Prigozy T I, Sieling P A, Clemens D, Stewart P L, Behar S M, Porcelli S A, Brenner M B, Modlin R L, Kronenberg M
Department of Microbiology and Immunology, University of California at Los Angeles 90095, USA.
Immunity. 1997 Feb;6(2):187-97. doi: 10.1016/s1074-7613(00)80425-2.
We have characterized the CD1b-mediated presentation pathway for the mycobacterial lipoglycan lipoarabinomannan (LAM) in monocyte-derived antigen-presenting cells. The macrophage mannose receptor (MR) was responsible for uptake of LAM. Antagonism of MR function inhibited both the internalization of LAM and the presentation of this antigen to LAM-reactive T cells. Intracellular MRs were most abundant in early endosomes, but they also were located in the compartment for MHC class II antigen loading (MIIC). Internalized LAM was transported to late endosomes, lysosomes, and MIICs. MRs colocalized with CD1b molecules, suggesting that the MR could deliver LAM to late endosomes for loading onto CD1b. LAM and CD1b colocalized in organelles that may be sites of lipoglycan antigen loading. This pathway links recognition of microbial antigens by a receptor of the innate immune system to the induction of adaptive T cell responses.

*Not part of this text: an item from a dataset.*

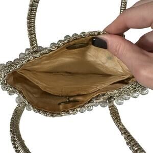 MCM Vintage Lefcord Full Beaded Purse Clutch Small Clear and Gold 50s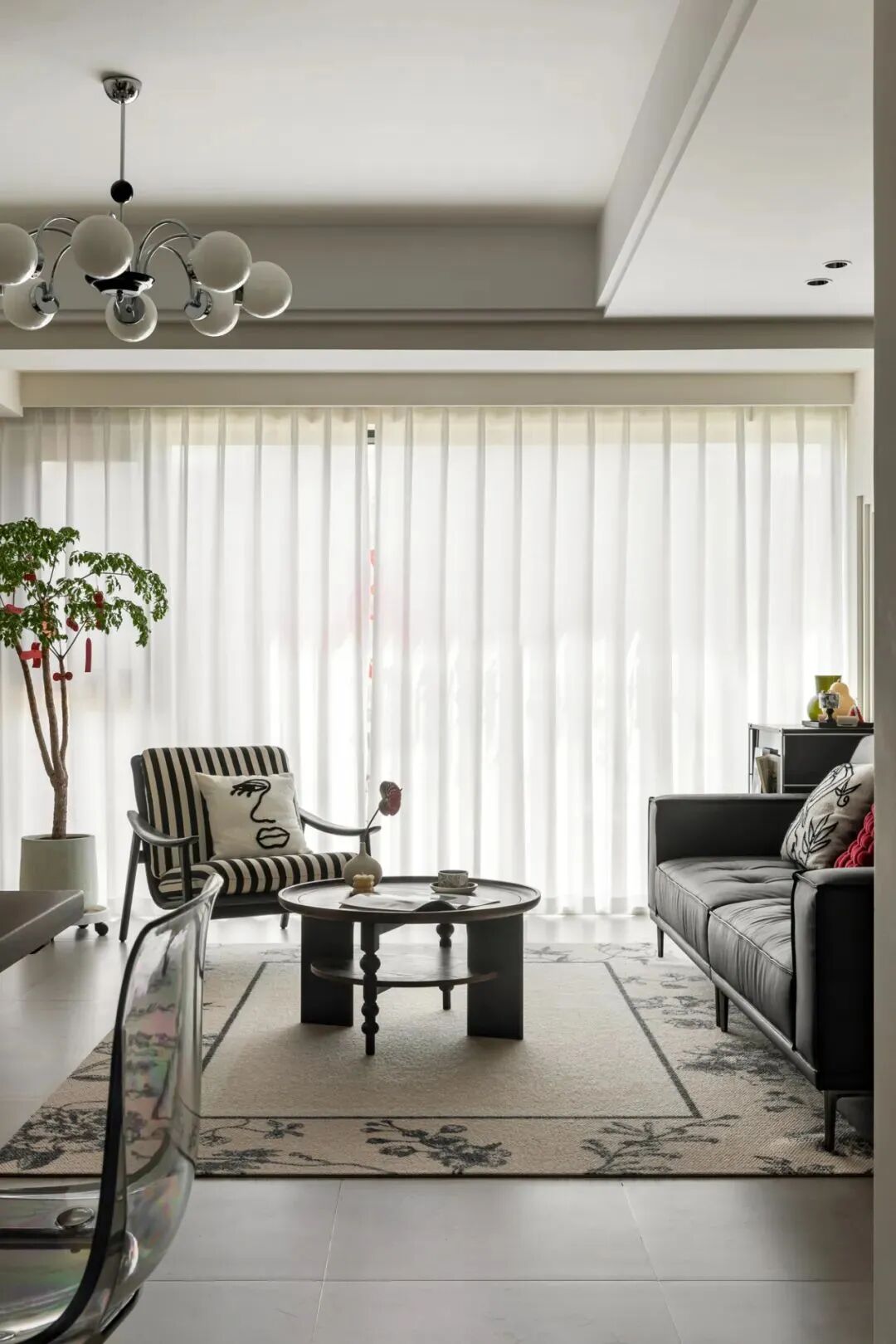客厅是家庭活动的中心和接待客人的场所,窗帘的选择要注重美观与实用性的结合。

我们已经在单核细胞衍生的抗原呈递细胞中,对分枝杆菌脂多糖脂阿拉伯甘露聚糖(LAM)的CD1b介导的呈递途径进行了表征。巨噬细胞甘露糖受体(MR)负责LAM的摄取。MR功能的拮抗作用既抑制了LAM的内化,也抑制了该抗原向LAM反应性T细胞的呈递。细胞内MR在早期内体中最为丰富,但它们也位于MHC II类抗原加载区室(MIIC)中。内化的LAM被转运至晚期内体、溶酶体和MIIC。MR与CD1b分子共定位,表明MR可将LAM递送至晚期内体以加载到CD1b上。LAM和CD1b在可能是脂多糖抗原加载位点的细胞器中共定位。该途径将先天性免疫系统的受体对微生物抗原的识别与适应性T细胞反应的诱导联系起来。